→ **Problem to work on**: Exactly as written, please set down all of the entries again, with no pictures.

→ **Record excerpts**:

⟨

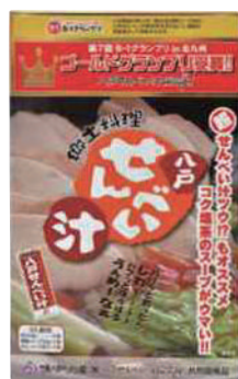
(株)味の加久の屋 八戸せんべい汁 コク塩味 (3人分)【④-002】 1,080円 具材入り

煮立った鍋にせんべいを割り入れ煮込み、お好みの硬さでお召し上がりください。(目安は5分です)
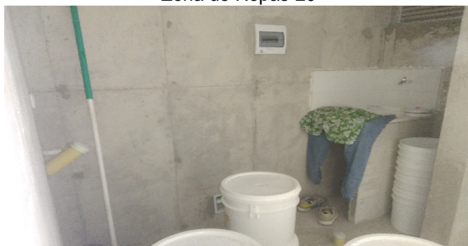
Zona de Ropas-20
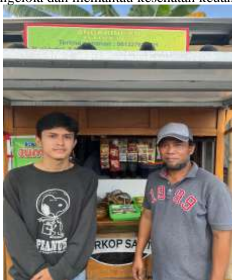
Gambar 1. UMKM Angkringan Istimewa

Masalah dalam pengabdian masyarakat ini adalah pelaku UMKM yang belum pernah menyusun laporan keuangan dan kurang memahami konsep serta pentingnya laporan keuangan sederhana, yang mengakibatkan kesulitan dalam mengelola dan memantau kesehatan keuangan usaha mereka.
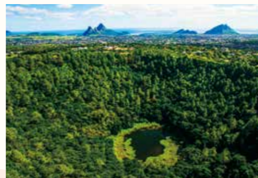
キュールピップ トゥル・オ・セルフ
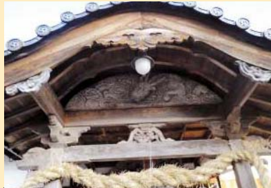
【福成神社】（日南町神戸上） ちょっと奥から地域を見守る・・・ そんな感じでしょうか。
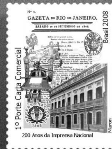
Selo lançado pelos Correios trazendo a sede da Imprensa Régia no Rio de Janeiro, em primeiro plano e, ao fundo, o exemplar nº 1 da Gazeta do Rio de Janeiro
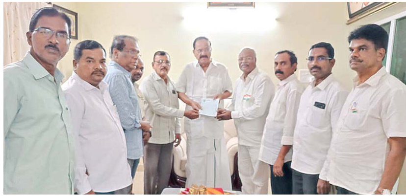
వెంకటాచలం, మేజర్ న్యూస్ : వెంకటాచలం, అసోసియేషన్ (డి పీఎంపీ అసోసియేషన్) ఆధ్వర్యంలో క్యాన్సర్ కారణాలు, పర్యావరణ కాలుష్యంపై అవగాహన కరపత్రాలను మాజీ ఉప
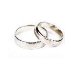
シルバーリングづくり
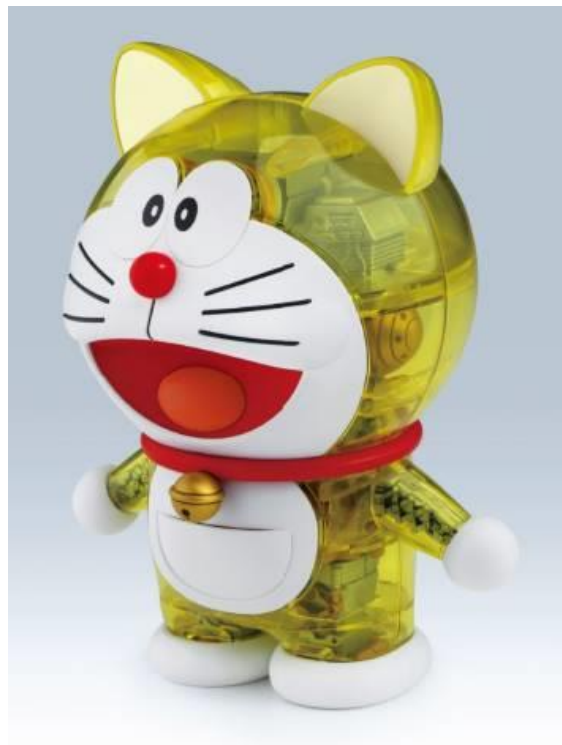
『Figure-rise Mechanics 元祖ドラえもん』 左:元祖ドラえもん、右:元祖ドラえもん(クリアボディ) 2,700円(税8%込)、2018年9月1日(土)発売
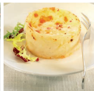
Gratinado de patatas

10 uds/caja • 800 g/ud Descongelar 12 h. en nevera y 6/8 min. microondas a 900 W*
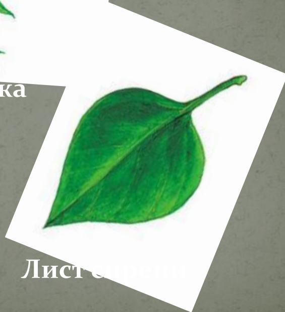
Лист с цельной каймой
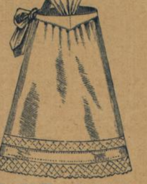
No. 556. Weiss Hausstandsschürze aus kräft. Baumwollstoff, Miedergurt, Latz, Träger mit Zwischenbesatz und Spitze M. 2.—
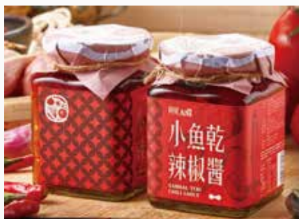
▲德普食品阿妮 ANI 辣椒醬系列

德普食品推出的「阿妮 ANI 辣椒醬系列」，是創辦人為印尼籍夥伴所打造的私房醬料品牌，包裝設計取自於印尼傳統蠟染技術 Batik，並選用印尼新人的最愛 truntum 圖騰與台灣傳統瓷磚做結合，鮮豔紅色傳達出台中對新移民的友善與熱情。
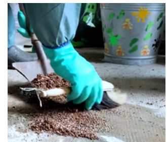
Un assorbente minerale deve essere a disposizione in caso di rovesciamento accidentale.
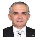
Sen. Miguel Ángel Mancera Espinosa PRD Lista Nacional
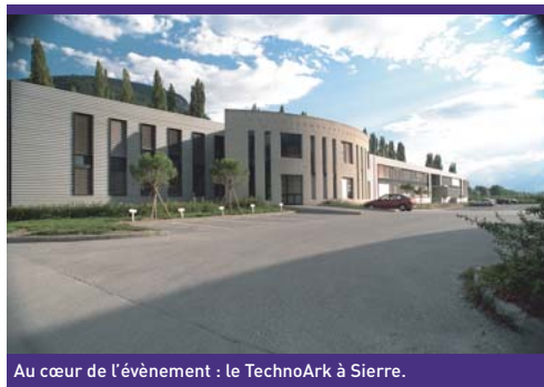
Au cœur de l'évènement : le TechnoArk à Sierre.

L'IDIAP (Institut Dalle Molle d'Intelligence Artificielle Perceptive) de Martigny a mis à disposition une technologie innovante permettant de coupler les images vidéo tournées pendant les ateliers par Canal 9, avec les présentations PowerPoint des orateurs (cf. rubrique "IdeArk" au verso). Retrouvez ces images sur www.technoark.ch !
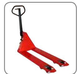
Panther Silent hat permanenten Schnellhub.

Gerne bieten wir Ihnen auch kundenspezifische Lösungen an. Besuchen Sie auch www.logitrans.com
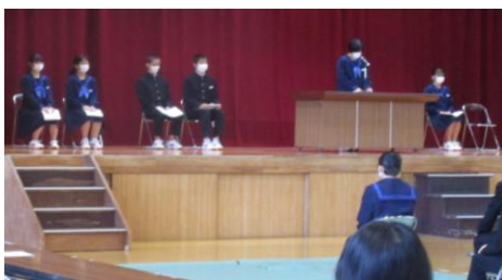
生徒会立会演説会
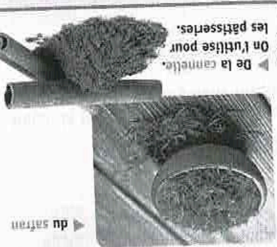
► La cuisine marocaine utilise beaucoup d'épices. Cela donne du goût, c'est très bon !
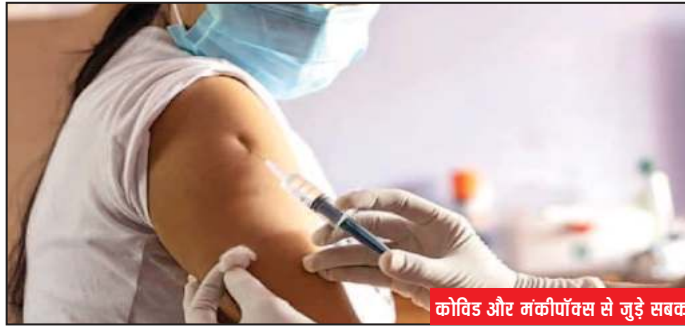
कोविड और मंकीपॉक्स से जुड़े सबक

इनमें दिल्ली के चार मामले और केरल में मंकीपॉक्स से हुई एक मौत शामिल है। अमेरिका और यूरोप के कुछ हिस्सों में जो हो रहा है, उसकी तुलना में यह संख्या बहुत कम है। लेकिन आत्मसंतुष्टि के लिए कोई जगह नहीं होनी चाहिए। कोरोना वायरस की महामारी अभी खत्म नहीं हुई है। कुछ अन्य देशों की तरह भारत भी सास-कोविड-2 के नए वैरिएंट्स और उसके विस्तार से संघर्ष कर रहा है। लाखों भारतीय कुछ अन्य बीमारियों से भी ग्रस्त हैं, लिहाजा कोविड से उनके लिए जोखिम अधिक है। दुनिया भर के वैज्ञानिक इस बात पर चर्चा कर रहे हैं कि एक नई महामारी कैसे, कब और कहाँ हो सकती है और किन उपायों से इसे रोका जा सकता है। तैयारी अत्यंत महत्वपूर्ण है। हालांकि भारत में तैयारियों को लेकर होने वाली चर्चा में अक्सर एक जरूरी तत्व,
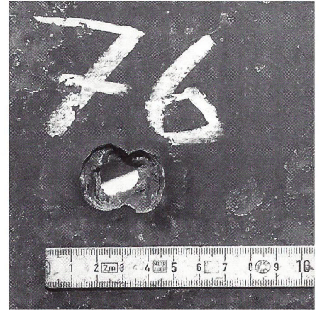
Einwandfreier Durchschuss in Panzerplatte.

Minute (n/min). Das durch die erwähnte Rotation stabilisierte Geschoss erreicht das Ziel auf einer relativ flachen Flugbahn. Die auftretenden enormen Fliehkräfte trennen die Kunststoffteile vom Kerngeschoss. Diese fallen als überflüssiger Ballast schon nach 40 Metern Flug zu Boden. Ausschlaggebend für die Zielgenauigkeit dieser Munition ist der rotations-symmetrische, zeitliche Verlauf dieses Trennvorganges. Das Gewicht der kompletten Patrone mit der Bezeichnung FAPDS 25×137 (Frangible Amur-Piercing Discarding Sabot Shell with Tracer) wird mit 500 gr angegeben. Die enorme Wirkung, die ein solches «Frangible-Geschoss» erzeugen kann, belegen die Werkfotos 3 und 4.
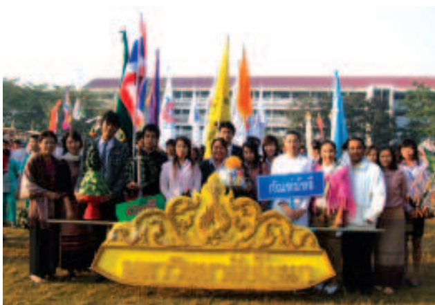
▲ อาจารย์ เจ้าหน้าที่ และนักศึกษาของมหาวิทยาลัยได้เข้าร่วมพิธีเปิดงานบุญตั้งธรรมหลวงเวียงละกอน ครั้งที่ 6 โดยได้นำกัณฑ์ธรรม์ไตรปิฎกธรรม์ ณ ลานมณฑปหลวงพอลดาศาลเจ้าพ่อหลักเมือง จังหวัดลำปาง
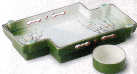
05319-186 3,750円 251800715 京橋刺身鉢(128×233×50mm) 05320-186 620円 251800716 京橋丸千代口(60×30mm)
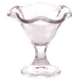
G57 00 011 プリマベラ 240cc [IT] D-13.5 H-13.7 C-240cc ¥2,300
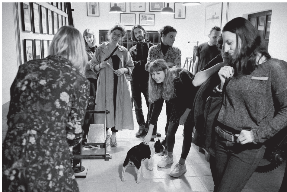
2. kép: Tervezőgrafikusok közössége 2021-ben a műhely Basamalom utcába költözése után
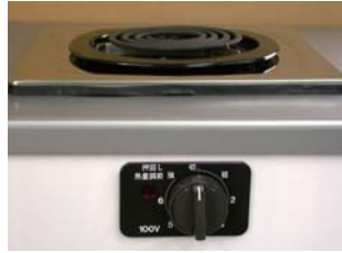
一口こんろ (前面操作) ※写真は富士工業製

身体や物が接触し、意図せずスイッチが「入」となる可能性がある構造であったために、電気こんろの上や周囲に可燃物が置かれていて、火災事故に至る危険性があります。
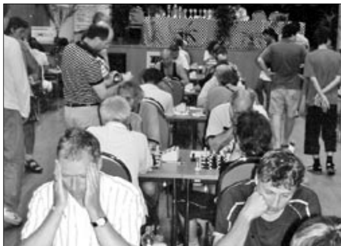
Ilustrační snímek z turnaje ve Starém Městě.
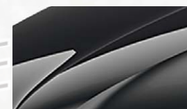
Noir Magic Nacré (1Z1Z)
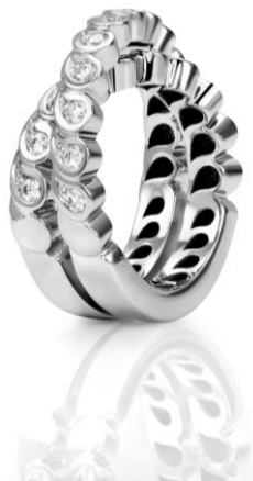
Anello in oro bianco 18 carati con diamanti 0,82 carati.

Vedi descrizione nella scheda tecnica allegata.
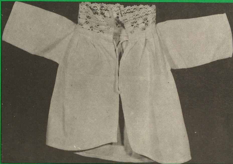
Kojenecká košielka. - PM Poprad, inv. č. 6069

⟩

→ **Response area**:
(株)味の加久の屋 八戸せんべい汁 コク塩味 (3人分)【④-002】 1,080円 具材入り

煮立った鍋にせんべいを割り入れ煮込み、お好みの硬さでお召し上がりください。(目安は5分です)
Zona de Ropas-20
Gambar 1. UMKM Angkringan Istimewa

Masalah dalam pengabdian masyarakat ini adalah pelaku UMKM yang belum pernah menyusun laporan keuangan dan kurang memahami konsep serta pentingnya laporan keuangan sederhana, yang mengakibatkan kesulitan dalam mengelola dan memantau kesehatan keuangan usaha mereka.
キュールピップ トゥル・オ・セルフ
【福成神社】（日南町神戸上） ちょっと奥から地域を見守る・・・ そんな感じでしょうか。
Selo lançado pelos Correios trazendo a sede da Imprensa Régia no Rio de Janeiro, em primeiro plano e, ao fundo, o exemplar nº 1 da Gazeta do Rio de Janeiro
వెంకటాచలం, మేజర్ న్యూస్ : వెంకటాచలం, అసోసియేషన్ (డి పీఎంపీ అసోసియేషన్) ఆధ్వర్యంలో క్యాన్సర్ కారణాలు, పర్యావరణ కాలుష్యంపై అవగాహన కరపత్రాలను మాజీ ఉప
シルバーリングづくり
『Figure-rise Mechanics 元祖ドラえもん』 左:元祖ドラえもん、右:元祖ドラえもん(クリアボディ) 2,700円(税8%込)、2018年9月1日(土)発売
Gratinado de patatas

10 uds/caja • 800 g/ud Descongelar 12 h. en nevera y 6/8 min. microondas a 900 W*
Лист с цельной каймой
No. 556. Weiss Hausstandsschürze aus kräft. Baumwollstoff, Miedergurt, Latz, Träger mit Zwischenbesatz und Spitze M. 2.—
▲德普食品阿妮 ANI 辣椒醬系列

德普食品推出的「阿妮 ANI 辣椒醬系列」，是創辦人為印尼籍夥伴所打造的私房醬料品牌，包裝設計取自於印尼傳統蠟染技術 Batik，並選用印尼新人的最愛 truntum 圖騰與台灣傳統瓷磚做結合，鮮豔紅色傳達出台中對新移民的友善與熱情。
Un assorbente minerale deve essere a disposizione in caso di rovesciamento accidentale.
Sen. Miguel Ángel Mancera Espinosa PRD Lista Nacional
Au cœur de l'évènement : le TechnoArk à Sierre.

L'IDIAP (Institut Dalle Molle d'Intelligence Artificielle Perceptive) de Martigny a mis à disposition une technologie innovante permettant de coupler les images vidéo tournées pendant les ateliers par Canal 9, avec les présentations PowerPoint des orateurs (cf. rubrique "IdeArk" au verso). Retrouvez ces images sur www.technoark.ch !
Panther Silent hat permanenten Schnellhub.

Gerne bieten wir Ihnen auch kundenspezifische Lösungen an. Besuchen Sie auch www.logitrans.com
生徒会立会演説会
► La cuisine marocaine utilise beaucoup d'épices. Cela donne du goût, c'est très bon !
कोविड और मंकीपॉक्स से जुड़े सबक

इनमें दिल्ली के चार मामले और केरल में मंकीपॉक्स से हुई एक मौत शामिल है। अमेरिका और यूरोप के कुछ हिस्सों में जो हो रहा है, उसकी तुलना में यह संख्या बहुत कम है। लेकिन आत्मसंतुष्टि के लिए कोई जगह नहीं होनी चाहिए। कोरोना वायरस की महामारी अभी खत्म नहीं हुई है। कुछ अन्य देशों की तरह भारत भी सास-कोविड-2 के नए वैरिएंट्स और उसके विस्तार से संघर्ष कर रहा है। लाखों भारतीय कुछ अन्य बीमारियों से भी ग्रस्त हैं, लिहाजा कोविड से उनके लिए जोखिम अधिक है। दुनिया भर के वैज्ञानिक इस बात पर चर्चा कर रहे हैं कि एक नई महामारी कैसे, कब और कहाँ हो सकती है और किन उपायों से इसे रोका जा सकता है। तैयारी अत्यंत महत्वपूर्ण है। हालांकि भारत में तैयारियों को लेकर होने वाली चर्चा में अक्सर एक जरूरी तत्व,
Einwandfreier Durchschuss in Panzerplatte.

Minute (n/min). Das durch die erwähnte Rotation stabilisierte Geschoss erreicht das Ziel auf einer relativ flachen Flugbahn. Die auftretenden enormen Fliehkräfte trennen die Kunststoffteile vom Kerngeschoss. Diese fallen als überflüssiger Ballast schon nach 40 Metern Flug zu Boden. Ausschlaggebend für die Zielgenauigkeit dieser Munition ist der rotations-symmetrische, zeitliche Verlauf dieses Trennvorganges. Das Gewicht der kompletten Patrone mit der Bezeichnung FAPDS 25×137 (Frangible Amur-Piercing Discarding Sabot Shell with Tracer) wird mit 500 gr angegeben. Die enorme Wirkung, die ein solches «Frangible-Geschoss» erzeugen kann, belegen die Werkfotos 3 und 4.
▲ อาจารย์ เจ้าหน้าที่ และนักศึกษาของมหาวิทยาลัยได้เข้าร่วมพิธีเปิดงานบุญตั้งธรรมหลวงเวียงละกอน ครั้งที่ 6 โดยได้นำกัณฑ์ธรรม์ไตรปิฎกธรรม์ ณ ลานมณฑปหลวงพอลดาศาลเจ้าพ่อหลักเมือง จังหวัดลำปาง
05319-186 3,750円 251800715 京橋刺身鉢(128×233×50mm) 05320-186 620円 251800716 京橋丸千代口(60×30mm)
G57 00 011 プリマベラ 240cc [IT] D-13.5 H-13.7 C-240cc ¥2,300
2. kép: Tervezőgrafikusok közössége 2021-ben a műhely Basamalom utcába költözése után
一口こんろ (前面操作) ※写真は富士工業製

身体や物が接触し、意図せずスイッチが「入」となる可能性がある構造であったために、電気こんろの上や周囲に可燃物が置かれていて、火災事故に至る危険性があります。
Ilustrační snímek z turnaje ve Starém Městě.
Noir Magic Nacré (1Z1Z)
Anello in oro bianco 18 carati con diamanti 0,82 carati.

Vedi descrizione nella scheda tecnica allegata.
Kojenecká košielka. - PM Poprad, inv. č. 6069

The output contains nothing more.